»»

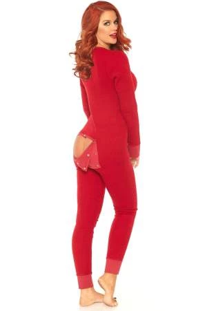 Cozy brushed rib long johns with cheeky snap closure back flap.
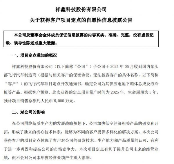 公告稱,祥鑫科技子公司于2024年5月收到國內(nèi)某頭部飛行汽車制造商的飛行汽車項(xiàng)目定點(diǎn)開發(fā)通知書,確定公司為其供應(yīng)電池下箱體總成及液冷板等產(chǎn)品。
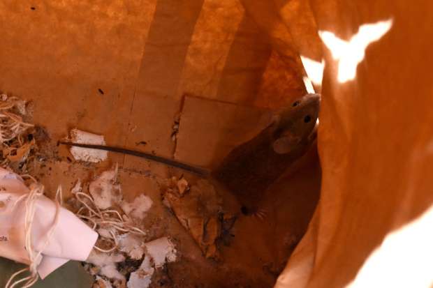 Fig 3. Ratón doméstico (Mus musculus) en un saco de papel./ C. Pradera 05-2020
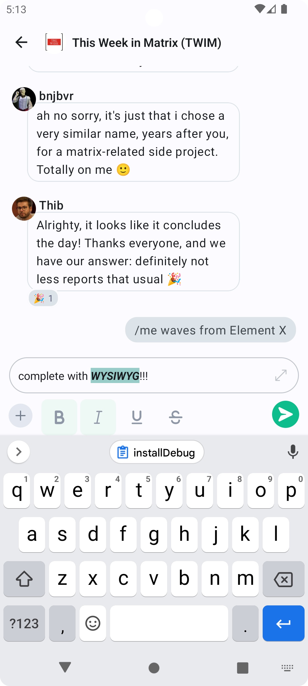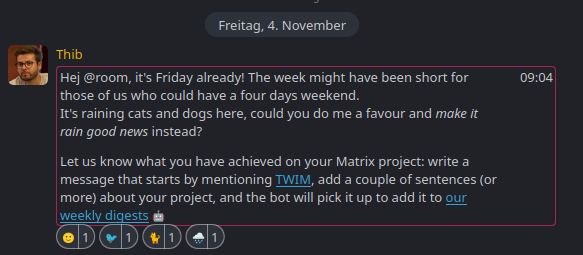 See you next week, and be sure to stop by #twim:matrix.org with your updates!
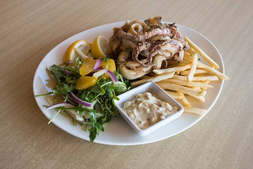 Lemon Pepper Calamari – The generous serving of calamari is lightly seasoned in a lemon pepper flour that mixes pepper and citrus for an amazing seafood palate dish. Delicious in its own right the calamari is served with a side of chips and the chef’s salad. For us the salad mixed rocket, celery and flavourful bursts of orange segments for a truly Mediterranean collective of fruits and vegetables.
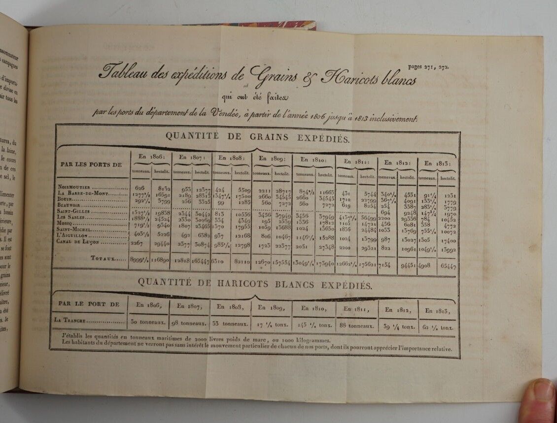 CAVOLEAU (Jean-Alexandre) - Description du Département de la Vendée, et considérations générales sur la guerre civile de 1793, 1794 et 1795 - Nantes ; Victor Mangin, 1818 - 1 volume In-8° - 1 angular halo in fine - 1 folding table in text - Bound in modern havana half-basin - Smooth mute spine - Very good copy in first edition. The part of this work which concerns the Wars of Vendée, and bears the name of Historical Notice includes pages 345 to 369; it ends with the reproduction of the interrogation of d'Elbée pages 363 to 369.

««

→ **What is expected**:
Leave out every picture, and copy exactly the lines from the line that contains "Fig 3. Ratón" through the end of the material.

→ **Written reply**:
 Fig 3. Ratón doméstico (Mus musculus) en un saco de papel./ C. Pradera 05-2020
 See you next week, and be sure to stop by #twim:matrix.org with your updates!
 Lemon Pepper Calamari – The generous serving of calamari is lightly seasoned in a lemon pepper flour that mixes pepper and citrus for an amazing seafood palate dish. Delicious in its own right the calamari is served with a side of chips and the chef’s salad. For us the salad mixed rocket, celery and flavourful bursts of orange segments for a truly Mediterranean collective of fruits and vegetables.
 CAVOLEAU (Jean-Alexandre) - Description du Département de la Vendée, et considérations générales sur la guerre civile de 1793, 1794 et 1795 - Nantes ; Victor Mangin, 1818 - 1 volume In-8° - 1 angular halo in fine - 1 folding table in text - Bound in modern havana half-basin - Smooth mute spine - Very good copy in first edition. The part of this work which concerns the Wars of Vendée, and bears the name of Historical Notice includes pages 345 to 369; it ends with the reproduction of the interrogation of d'Elbée pages 363 to 369.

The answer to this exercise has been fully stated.